Despite the appeals, Governor Akeredolu went ahead with the project. This decision sparked speculation about personal vendettas, especially given the demolition of historic properties, including the ancestral home of Banji Alabi, a former ally turned critic, allegedly to pave way for the project. Allegations of political score-settling and insensitivity further complicated the narrative.

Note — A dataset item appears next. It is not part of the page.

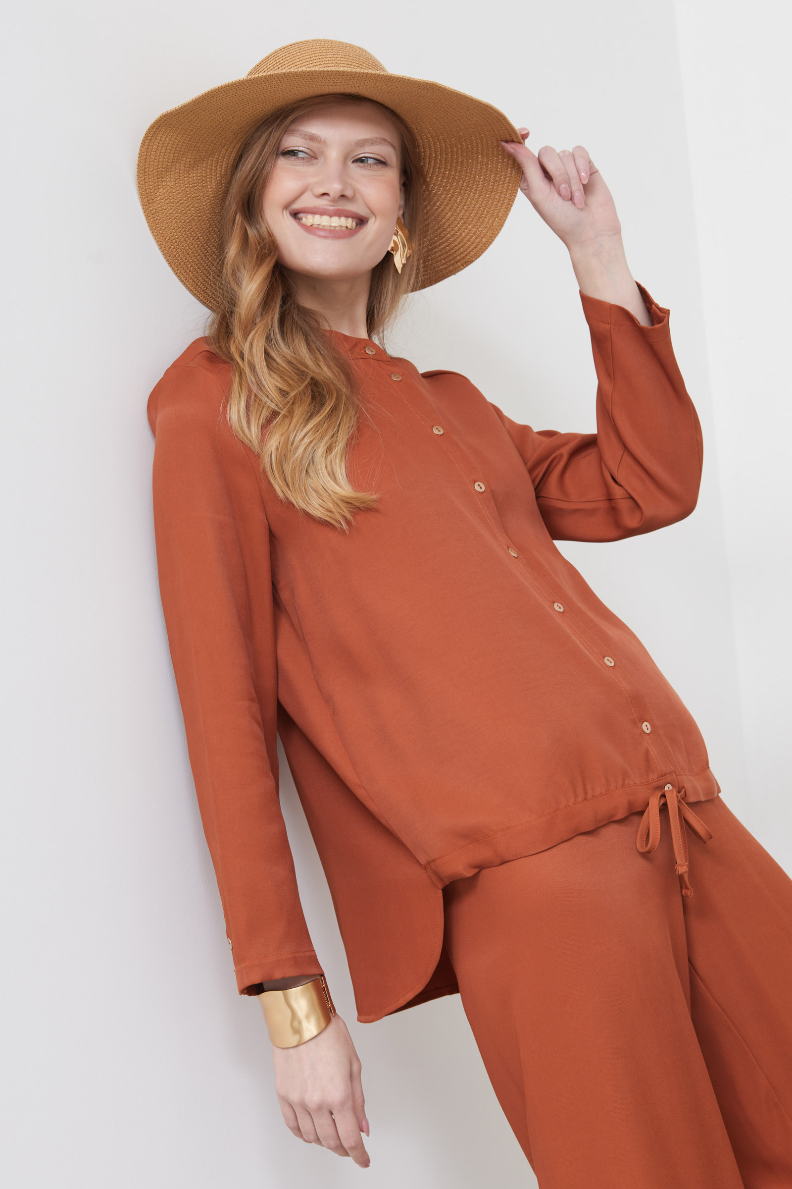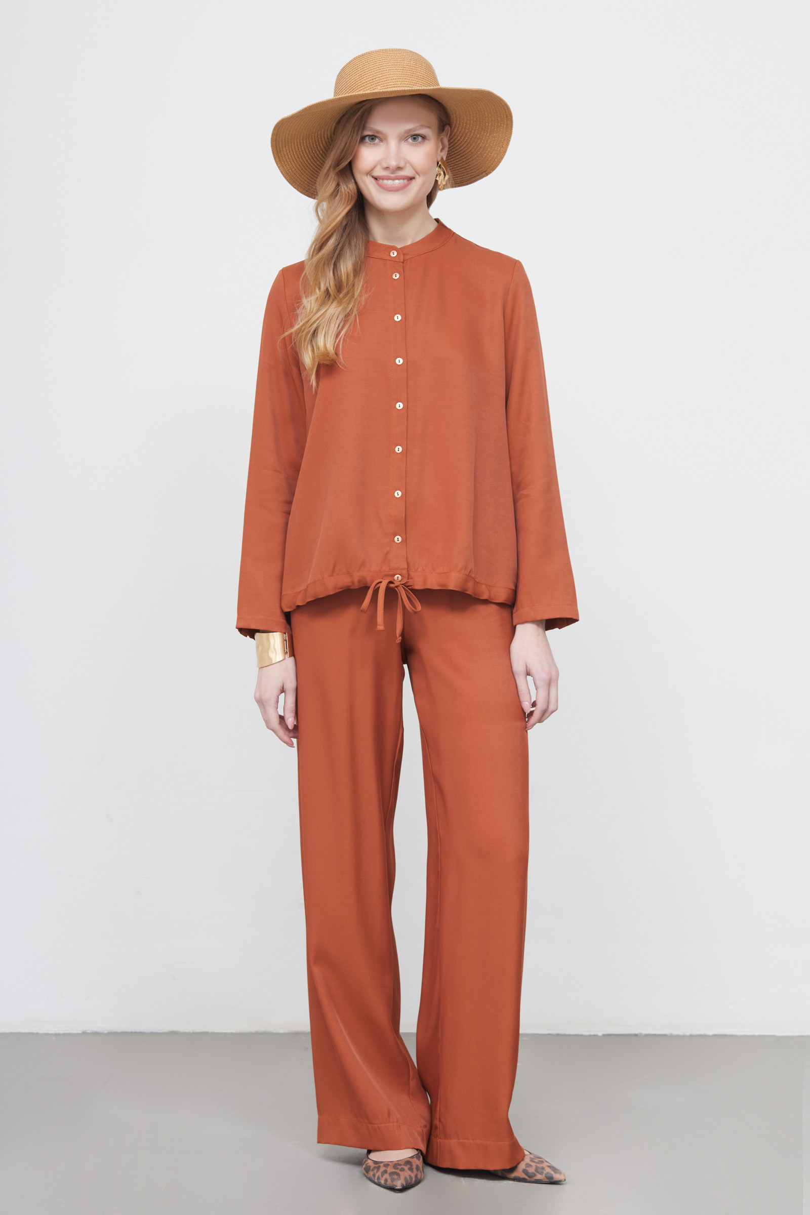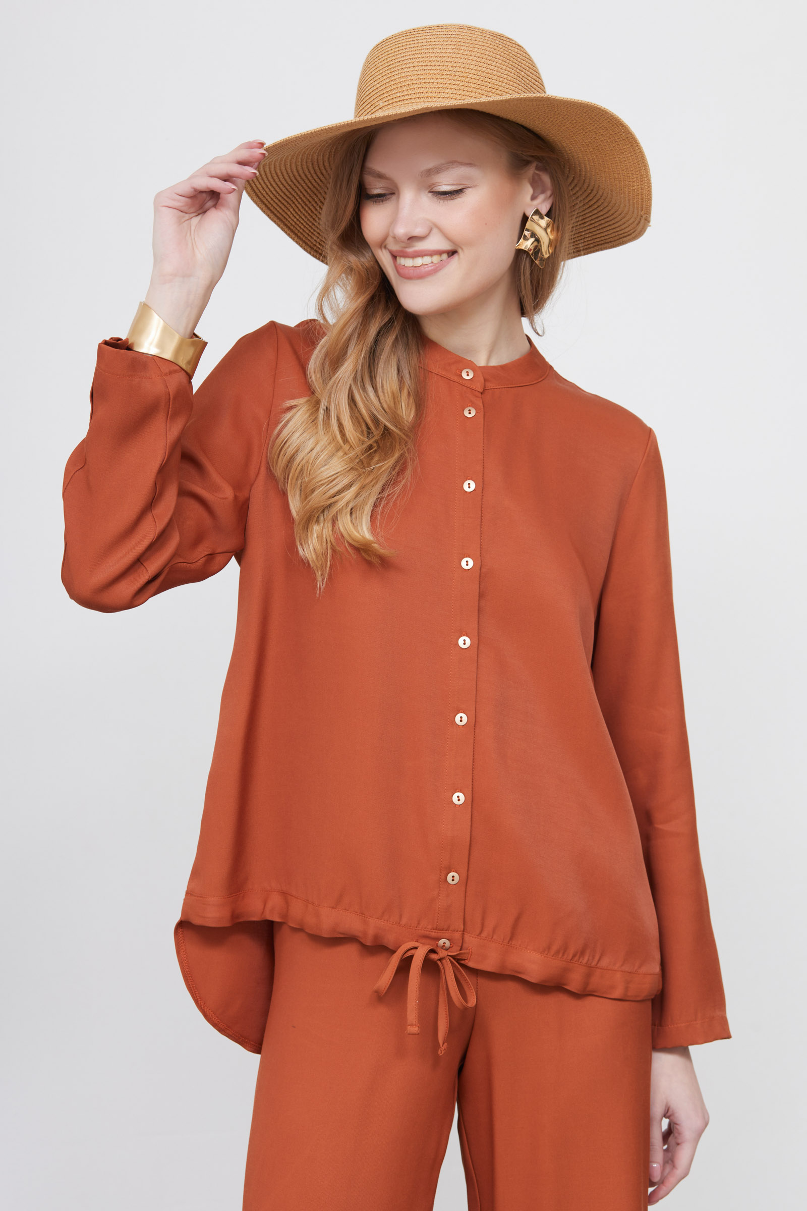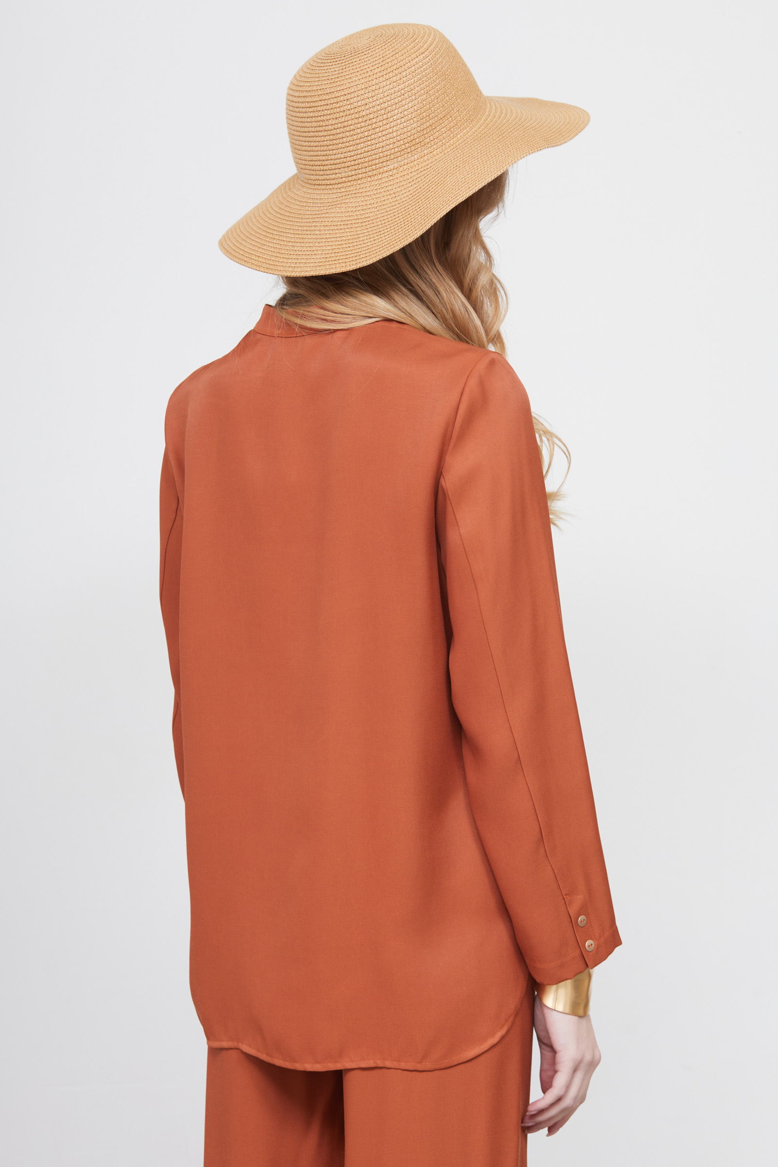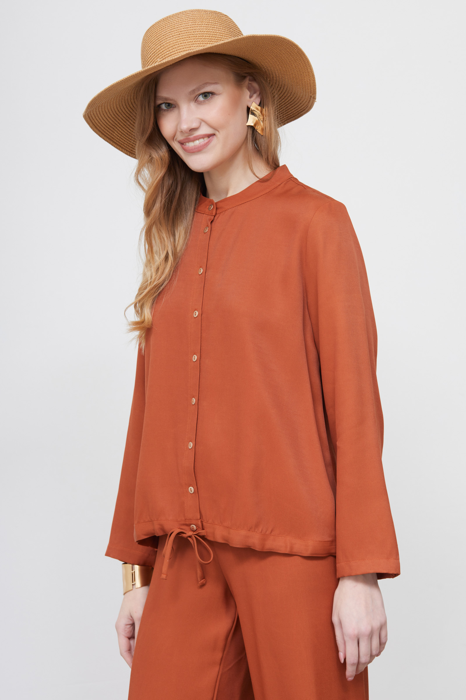 Блузка оверсайз из вискозы с кулиской спереди.

In June 2025, nearly a year after Akeredolu's passing, his successor, Governor Lucky Aiyedatiwa, ordered the demolition of the cenotaph, citing a need to respect cultural sensibilities and uphold the community’s wishes. However, the demolition, executed without salvage, consultation, or prior notice to key stakeholders, escalated the situation into a full-blown public relations crisis.

 

 3. The Backlash

The demolition drew sharp criticism from multiple quarters. Human Rights Writers Association of Nigeria (HURIWA) accused the government of dishonouring the dead and disrespecting the legacy of Akeredolu. The move was described as hasty, insensitive, and lacking in transparency.

Critics argued that while relocation might have been justified, the approach, complete with bulldozers and no apparent effort to preserve the structure’s materials or symbolism, amplified the loss. Others condemned the government’s failure to consult key stakeholders, including the Catholic Church and the Akeredolu family, before carrying out the demolition.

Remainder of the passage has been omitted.